Get the earthquake data from http://earthquake.usgs.gov API for this year:
http://earthquake.usgs.gov/fdsnws/event/1/query?format=csv&starttime=2016-01-01&endtime=2016-01-31

Upload the file to your object store, named it as earthquake.csv for this notebook.

In [1]:
val sqlContext = new org.apache.spark.sql.SQLContext(sc)

In [2]:
val earthquakes = sqlContext.read.format("com.databricks.spark.csv").option("header", "true").option("inferSchema", "true").load("swift://notebooks.spark/earthquake.csv")

In [3]:
earthquakes.registerTempTable("earthquake")

In [4]:
earthquakes.printSchema

root
 |-- time: string (nullable = true)
 |-- latitude: double (nullable = true)
 |-- longitude: double (nullable = true)
 |-- depth: double (nullable = true)
 |-- mag: double (nullable = true)
 |-- magType: string (nullable = true)
 |-- nst: integer (nullable = true)
 |-- gap: double (nullable = true)
 |-- dmin: double (nullable = true)
 |-- rms: double (nullable = true)
 |-- net: string (nullable = true)
 |-- id: string (nullable = true)
 |-- updated: string (nullable = true)
 |-- place: string (nullable = true)
 |-- type: string (nullable = true)
 |-- horizontalError: double (nullable = true)
 |-- depthError: double (nullable = true)
 |-- magError: double (nullable = true)
 |-- magNst: integer (nullable = true)
 |-- status: string (nullable = true)
 |-- locationSource: string (nullable = true)
 |-- magSource: string (nullable = true)



Below query will fetch all the data about earthquakes that happened in California.

In [5]:
val results = sqlContext.sql("select earthquake.* from earthquake where earthquake.place like '%California%'")
results.collect

In [6]:
results.show

Below block is for using Machine learning Lib.
Belowtwo import are the alogirithm that Spark has provided.

In [7]:
import org.apache.spark.mllib.clustering.KMeans
import org.apache.spark.mllib.linalg.Vectors

In [8]:
val earthquakeFile = sc.textFile("swift://notebooks.spark/earthquake.csv")

Check the CSV structure

In [9]:
earthquakeFile.take(1)

Array(time,latitude,longitude,depth,mag,magType,nst,gap,dmin,rms,net,id,updated,place,type,horizontalError,depthError,magError,magNst,status,locationSource,magSource)

In [10]:
val californiaData=earthquakeFile.filter(_.contains("California"))

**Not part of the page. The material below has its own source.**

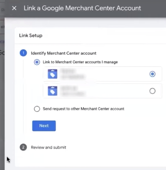 It’s mandatory here, if there’s a bind, if there’s a request coming in. The wrong Merchant Center is linked. It’s unlinked. We press the plus sign and choose the right one. It’s “Parfum.” “Submit.”

above statement filters the file data for California state

In [11]:
val caliDataOn30th  = californiaData.filter(_.contains("reviewed"))

above statement further filters the filedata for the earthquackes in California state with type 'reviewed'

To find maximum of depth values, Create a Vector of this data as shown below

In [12]:
val caliFilteredDataVetcor = caliDataOn30th.map(line=>Vectors.dense(line.split(',').slice(3,4).map(_.toDouble)))

train
public static KMeansModel train(RDD<Vector> data,
                int k,
                int maxIterations)
Trains a k-means model using specified parameters and the default values for unspecified.

In [13]:
val model=KMeans.train(caliFilteredDataVetcor,1,10)
val clusterCenters=model.clusterCenters.map(_.toArray)
clusterCenters.foreach(lines=>println(lines(0)))

5.257182741116755